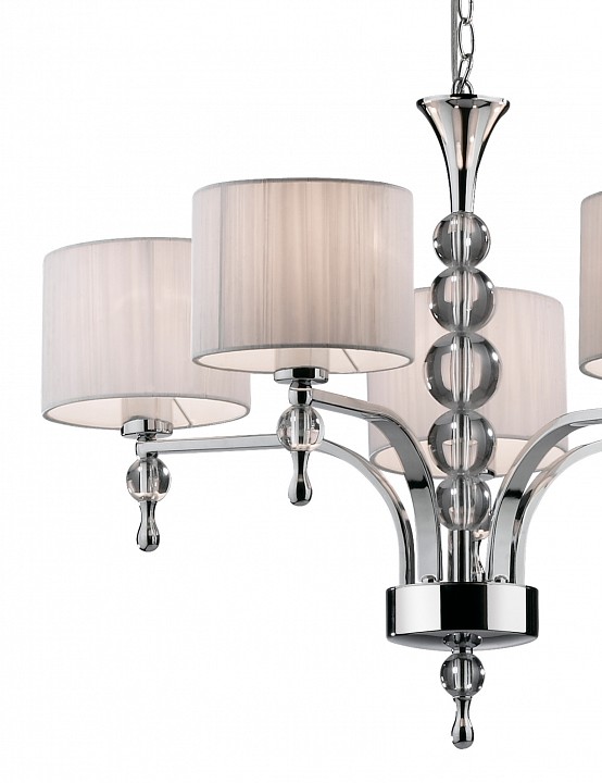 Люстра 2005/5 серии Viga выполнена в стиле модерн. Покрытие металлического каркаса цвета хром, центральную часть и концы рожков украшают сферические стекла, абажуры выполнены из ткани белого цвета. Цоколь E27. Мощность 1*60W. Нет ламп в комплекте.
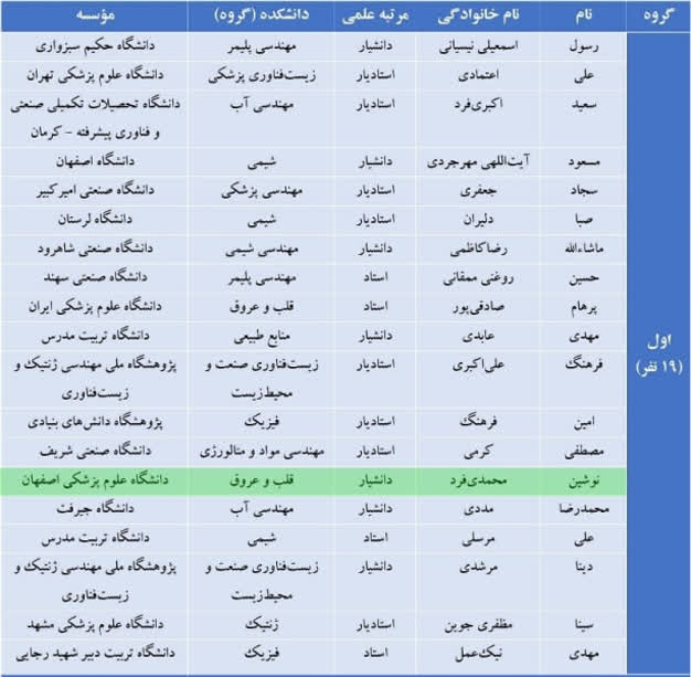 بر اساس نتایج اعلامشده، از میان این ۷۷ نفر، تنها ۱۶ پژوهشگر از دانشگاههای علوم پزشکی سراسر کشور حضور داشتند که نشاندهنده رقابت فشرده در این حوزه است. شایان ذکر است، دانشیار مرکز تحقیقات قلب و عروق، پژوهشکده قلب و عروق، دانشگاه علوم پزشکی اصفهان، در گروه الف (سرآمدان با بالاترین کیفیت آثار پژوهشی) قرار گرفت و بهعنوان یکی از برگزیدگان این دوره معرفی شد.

____________________

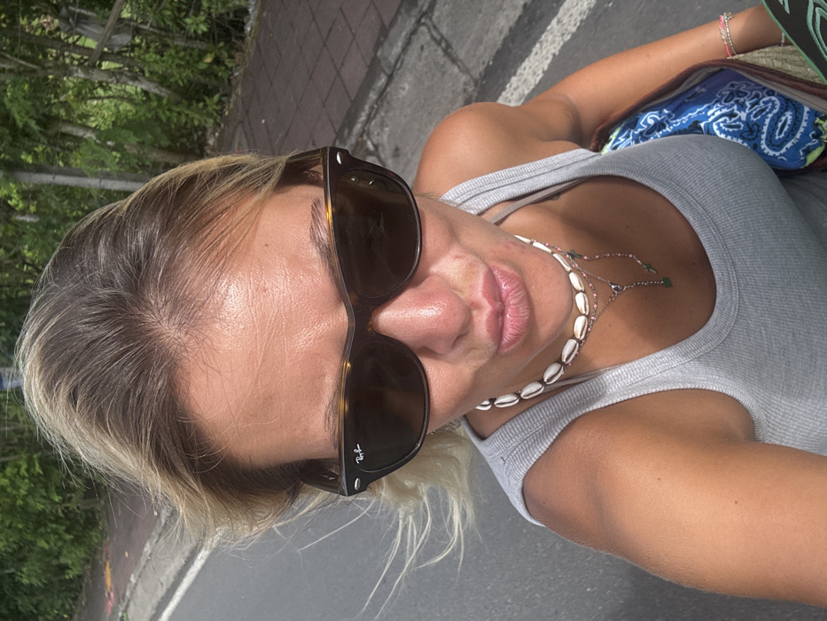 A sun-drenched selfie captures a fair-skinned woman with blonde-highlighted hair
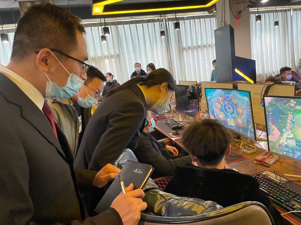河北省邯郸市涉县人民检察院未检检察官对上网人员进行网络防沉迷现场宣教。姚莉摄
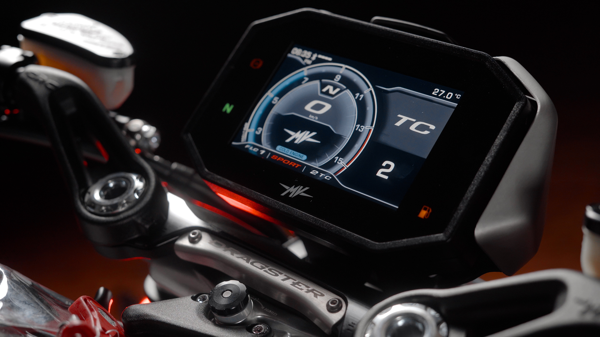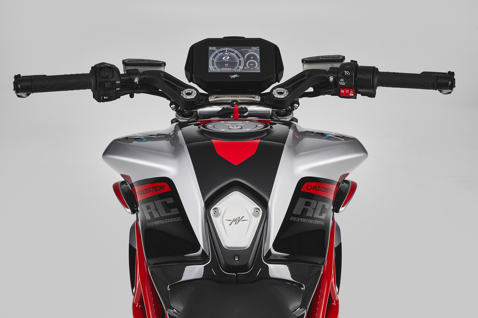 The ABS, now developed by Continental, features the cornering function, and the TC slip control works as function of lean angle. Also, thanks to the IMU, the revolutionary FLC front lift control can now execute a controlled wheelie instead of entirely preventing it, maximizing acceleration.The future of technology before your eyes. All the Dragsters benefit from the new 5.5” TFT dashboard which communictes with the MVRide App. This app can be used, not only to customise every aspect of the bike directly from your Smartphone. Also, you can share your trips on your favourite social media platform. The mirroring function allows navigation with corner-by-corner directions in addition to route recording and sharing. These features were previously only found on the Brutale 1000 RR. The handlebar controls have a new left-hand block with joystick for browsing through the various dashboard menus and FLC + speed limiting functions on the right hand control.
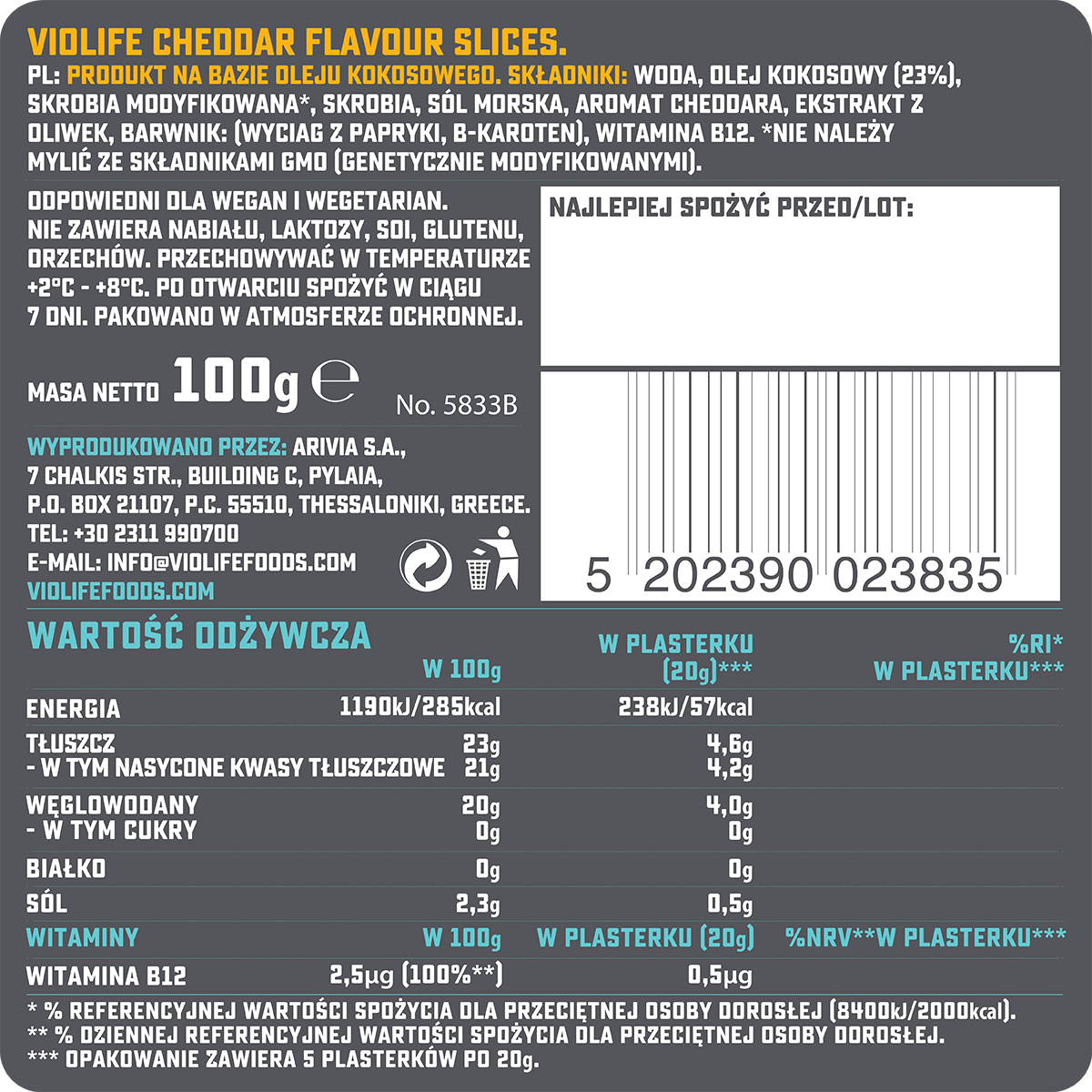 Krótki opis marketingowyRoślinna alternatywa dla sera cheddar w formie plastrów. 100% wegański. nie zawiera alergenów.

____________________

Nothing except the lines from the one containing "A sun-drenched selfie" through the one containing "河北省邯郸市涉县人民检察院未检检察官对上网人员进行网络防沉迷现场宣教。姚莉摄" should appear in the answer, exactly as above and without pictures.

EXERCISE RESULT:
 A sun-drenched selfie captures a fair-skinned woman with blonde-highlighted hair
河北省邯郸市涉县人民检察院未检检察官对上网人员进行网络防沉迷现场宣教。姚莉摄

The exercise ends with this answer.